The "operator" will point this at a rock, press a trigger which will register a distance along of a photo of the rock, which
will be in the center of the image.
The eqipment can be assumed to always be held at a fixed distance above the water.
As I see it there are a number of problems to overcome:
Lighting conditions
Depending on the time of day etc., the rock might be brighter then the water or opposite.
Sometimes the rock will have a color very close to the water.
The position of the shade will move throughout the day.
Depending on how rough the water is, there might sometimes be a reflection of the rock in the water.
Diversity
The rock is not evenly shaped.
Depending on the rock type, growth of lichen etc., changes the look of the rock.

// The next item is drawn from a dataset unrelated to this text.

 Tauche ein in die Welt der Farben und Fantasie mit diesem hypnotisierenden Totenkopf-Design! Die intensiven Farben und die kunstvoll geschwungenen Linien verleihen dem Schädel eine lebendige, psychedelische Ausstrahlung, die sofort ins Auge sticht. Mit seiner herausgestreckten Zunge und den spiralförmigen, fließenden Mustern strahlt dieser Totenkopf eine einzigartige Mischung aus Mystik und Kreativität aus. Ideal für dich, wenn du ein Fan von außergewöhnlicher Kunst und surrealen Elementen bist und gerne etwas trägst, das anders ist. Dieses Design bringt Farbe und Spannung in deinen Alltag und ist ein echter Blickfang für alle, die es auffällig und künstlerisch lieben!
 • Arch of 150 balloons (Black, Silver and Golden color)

Fortunateness, there is no shortage of test data. Pictures of rocks in water is easy to come by. Here are some sample images:
I've run a edge detector on the images, and esp. in the fourth picture the poor contrast makes it hard to see the edges:
Any ideas would be greatly appreciated!
I don't think that edge detection is best approach to detect the rocks. Other objects, like the mountains or even the reflections in the water will result in edges.
I suggest that you try a pixel classification approach to segment the rocks from the background of the image:
For each pixel in the image, extract a set of image descriptors from a NxN neighborhood centered at that pixel.

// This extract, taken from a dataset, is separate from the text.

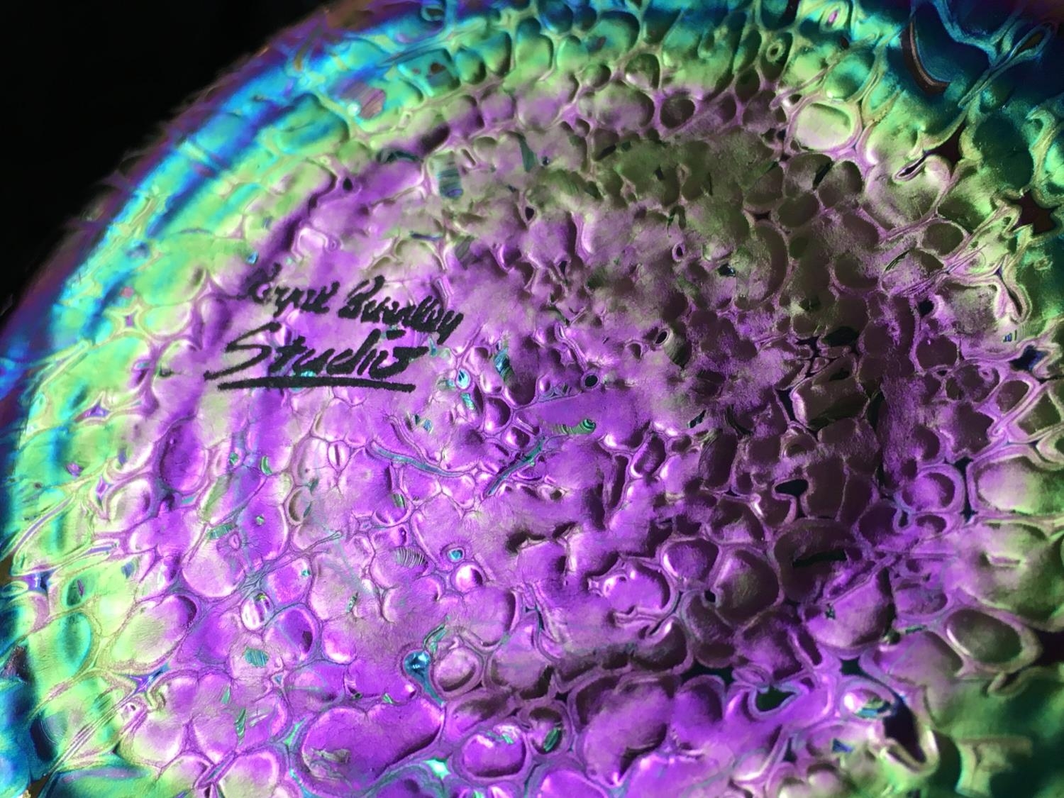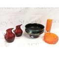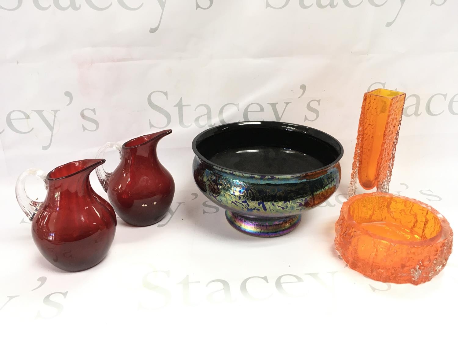 A collection of glassware including a Whitefriars bark vase and bowl , 20th century Royal Brierley iridescent studio glass bowl , a pair of small ruby glass pitchers

Select a set of images and manually label the pixels as rock or background.
Use the labeled pixels and the respective image descriptors to train a classifier (eg. a Naive Bayes classifier)

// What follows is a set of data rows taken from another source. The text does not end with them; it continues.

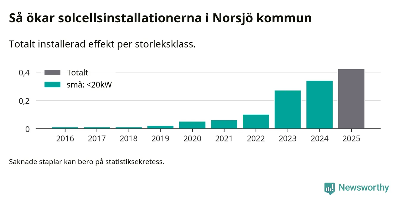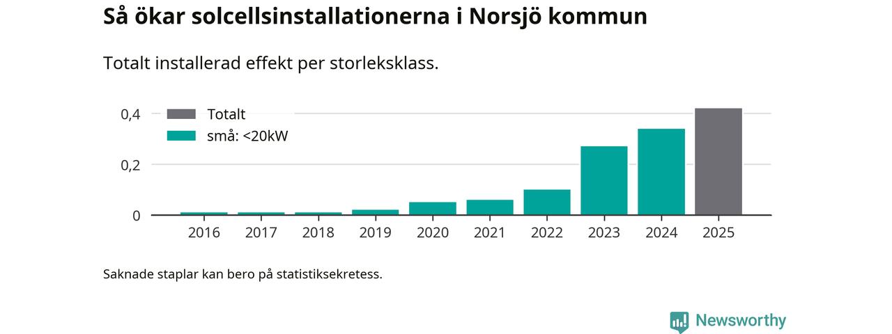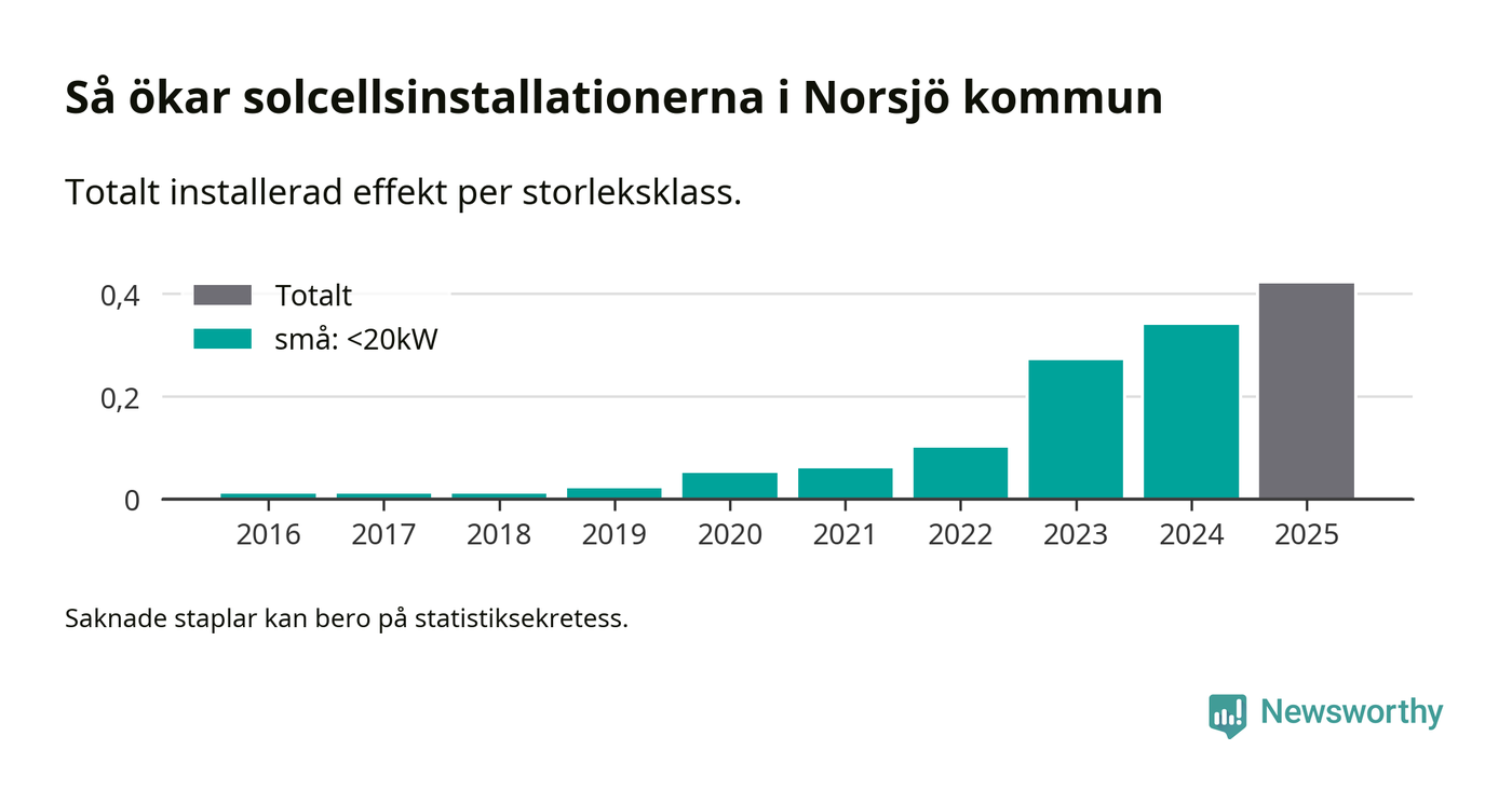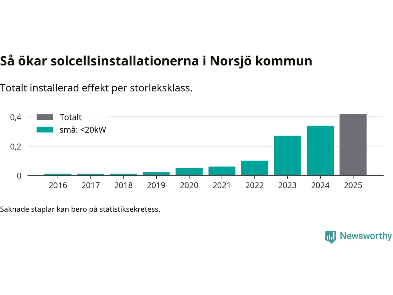 Under 2025 anslöts 80 kilowatt ny solel till elnätet i Norsjö kommun, en ökning med 24 procent jämfört med året innan.
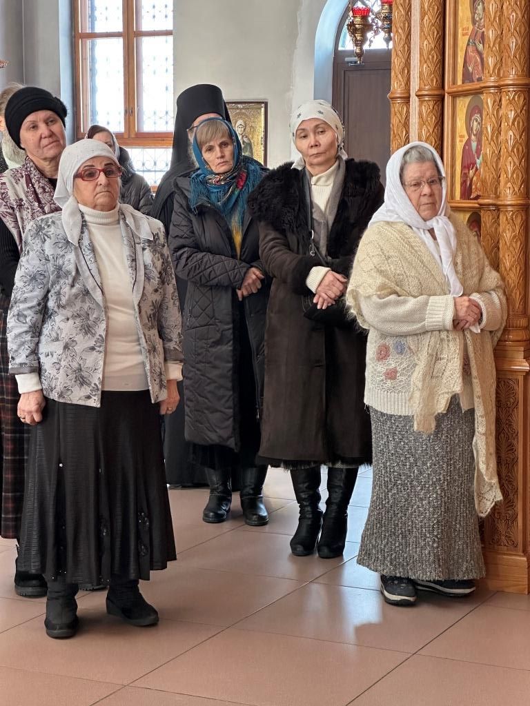 Праздничные песнопения исполнял хор кафедрального собора, регент Н. Романцова. В храме молились сотрудники епархиального управления, насельники Свято-Троицкого мужского монастыря города Усть-Каменогорска и прихожане кафедрального собора.
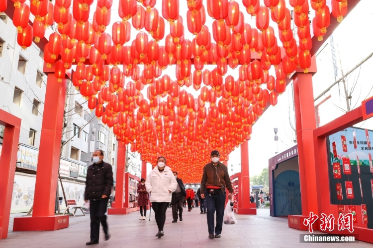 贵阳市南明区青云路举行的2023百姓新春年货节吸引民众前来游玩、购置年货。长长的走廊上挂满了红灯笼,一抬头,满眼喜气。(图片来源:中新网)
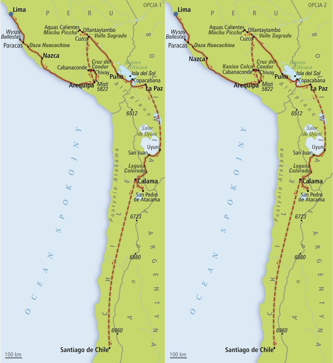Podróż od kosmopolitycznej stolicy Peru – Limy, po położoną ponad 3000 km na południe stolicę Chile – Santiago de Chile, to prawdziwa latynoska przygoda w pigułce: od malowniczych Wysp Ballestas („Małe Galapagos!”), aż po pustynię Atacama. Czeka Cię wiele atrakcji i niesamowitych wspomnień – obserwuj kondory szybujące nad Kanionem Colca, poznaj kulturę prekolumbijską w Machu Picchu i zanurz się w gorących źródłach, odpoczywając po wyprawie na unikatowym boliwijskim solnisku Uyuni. W trakcie ciekawego programu wypłyniesz w rejs po najwyżej położonym jeziorze na świecie – jeziorze Titicaca oraz zrobisz pamiątkowe zakupy na słynnym Targu Czarownic w La Paz. Trzy kraje, trzy stolice, trzy tygodnie i nieskończona liczba wspomnień, które zbierzesz podczas tej intensywnej wyprawy.
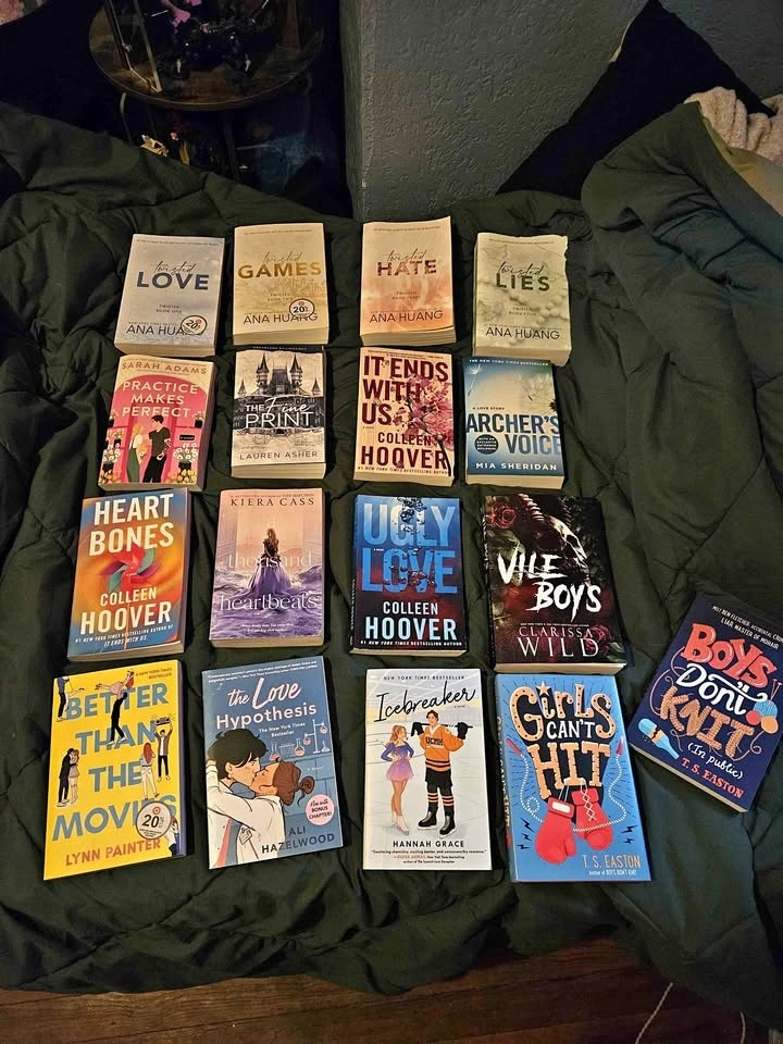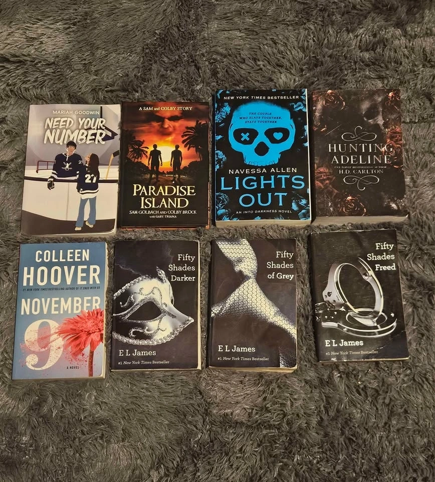 Some books are brand new and some have been read once but are still in great condition. Available books include: Twisted Love, Twisted Games, Twisted Hate, It Ends With Us, A Thousand Heartbeats, The Fine Print, Need Your Number, Paradise Island, Lights Out, Hunting Adeline, November 9, Fifty Shades of Grey, Fifty Shades Darker, and Fifty Shades Freed. Feel free to message if you have any questions!

Since the rocks tends to have similar texture, I would use texture image descriptors to train the classifier. You could try, for example, to extract a few statistical measures from each color chanel (R,G,B) like the mean and standard deviation of the intensity values.
Pixel classification might work here, but will never yield a 100% accuracy. The variance in the data is really big, rocks have different colours (which are also "corrupted" with lighting) and different texture. So, one must account for global information as well.
The problem you deal with is foreground extraction. There are two approaches I am aware of.
Energy minimization via graph cuts, see e.g. http://en.wikipedia.org/wiki/GrabCut (there are links to the paper and OpenCV implementation). Some initialization ("seeds") should be done (either by a user or by some prior knowledge like the rock is in the center while water is on the periphery). Another variant of input is an approximate bounding rectangle. It is implemented in MS Office 2010 foreground extraction tool.
The energy function of possible foreground/background labellings enforces foreground to be similar to the foreground seeds, and a smooth boundary. So, the minimum of the energy corresponds to the good foreground mask. Note that with pixel classification approach one should pre-label a lot of images to learn from, then segmentation is done automatically, while with this approach one should select seeds on each query image (or they are chosen implicitly).
Active contours a.k.a. snakes also requre some user interaction. They are more like Photoshop Magic Wand tool. They also try to find a smooth boundary, but do not consider the inner area.
Both methods might have problems with the reflections (pixel classification will definitely have). If it is the case, you may try to find an approximate vertical symmetry, and delete the lower part, if any. You can also ask a user to mark the reflaction as a background while collecting stats for graph cuts.
Color segmentation to find the rock, together with edge detection to find the top.
To find the water level I would try and find all the water-rock boundaries, and the horizon (if possible) then fit a plane to the surface of the water.
That way you don't need to worry about reflections of the rock.
Easier if you know the pitch angle between the camera and the water and if the camera is is leveled horizontally (roll).
ps. This is a lot harder than I thought - you don't know the distance to all the rocks so fitting a plane is difficult.
It occurs that the reflection is actually the ideal way of finding the level, look for symetric path edges in the rock edge detection and pick the vertex?